A bug is when the software does not perform according to the specification. OK you do not like it, so say that. I get that you may not have time to learn new stuff when you are doing a "speedrun".

So let's say a bug is when there is some software out there that your new version of compiler breaks. Well, no again - because no one is relying on this since raku is a new language (albeit with deep roots in perl5).

You do not seem to be able to answer my main point - which is that PCRE is stagnant - with every language just blindly copying the perl4 implementation. Also that PCRE is biased to western / latin text.

Let me put it another way - unicode has this really cool set of features called properties that no other regex engine has been able to embrace. So let's say you want to design a new generation regex that supports unicode. Do you take the unicode definition of newline or the ascii definition or both? Sure raku regex is a "breaking change" to PCRE ... but it applies the KISS design principle and embraces all aspects of unicode in a single, unified approach. It eschews the idea that you should have a unicode mode and an ascii mode side by side. This is a good programming principle, right?

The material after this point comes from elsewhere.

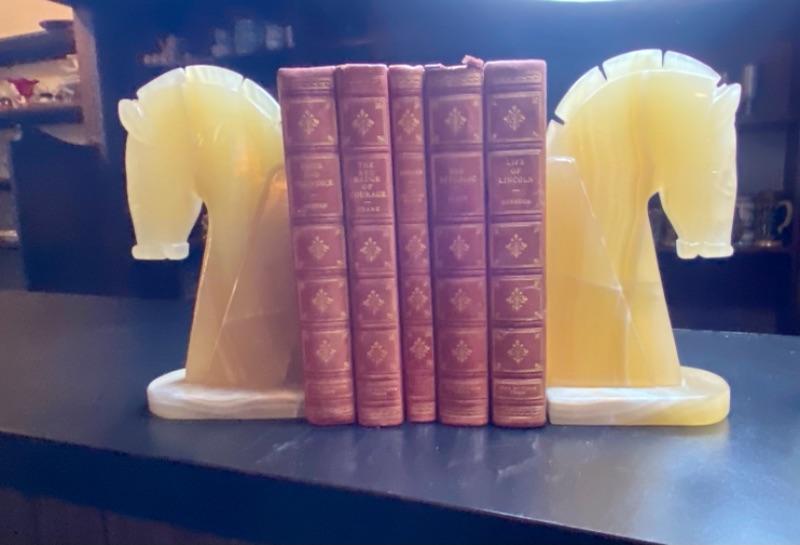 Vintage tall Luminous Marble Trojan Horse Book Ends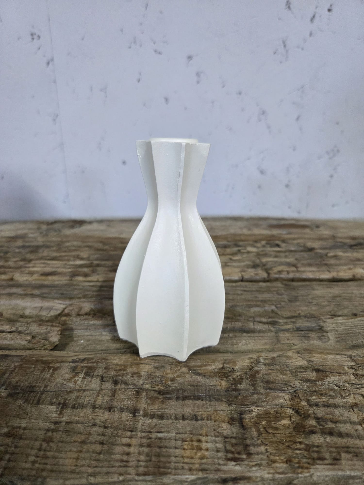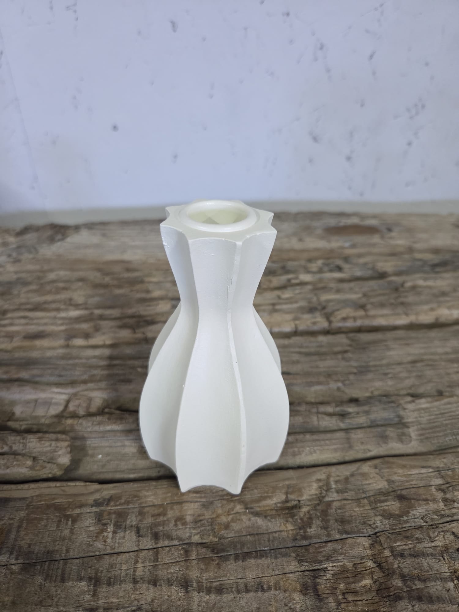 Deze hoge witte kandelaar heeft een slank en modern design met een elegante vormgeving. De subtiele lijnen en verfijnde afwerking zorgen voor een rustige, stijlvolle uitstraling die perfect past in een eigentijds interieur.

Raku has a very standardised design - so it applies the (very comprehensive) unicode properties to all the built in character classes where - not just \d, but \w, \n, \c etc. So for a coder that values elegance and power that is standard regardless of local language, this is a better solution than a mode bit (or manual distinctions). So it maybe that this is overkill just for \d ... but it is much more straightforward to have it everywhere the same.

Your Ezhil example is cool, but you do not explain that \w matches (etc) can be done in raku, and you would be stuck regexing Tamil without that, right? And your example will fail if someone uses a Tamil digit char instead of a latin digit char?

What if there were a programming language that can do pretty much what Ezhil can do (yes including localised / unicode operators in a sub language or 'slang') - but for every system of writing on the planet.

Oh - there is and it's called raku.

p6steve • Mar 10 '22

gist.github.com/raiph/32b3ba969b4e...

A major difference is that PEGs only support a deterministic ordered choice operator. Raku supports that but also a non-determinstic | LTM (Longest Token Matching) choice operator. Instead of trying a sequence of matches, and picking whichever alternative first matches, LTM picks whichever alternative matches the most input against the "declarative" start of its pattern. For example, matching the input aaa against . | .. | ... will match aaa, not a. This is a more natural, succinct, and algorithmically performant way to specify grammar rules than the simplistic ordered choice operator. (More algorithmically performant because the alternatives are compiled into an NFA.)
For more info about why this non-deterministic choice is significant, see the Parsing composed grammars section near the end of What are Raku Grammars? In particular, how do they compare with Parsing Expression Grammars (PEGs)?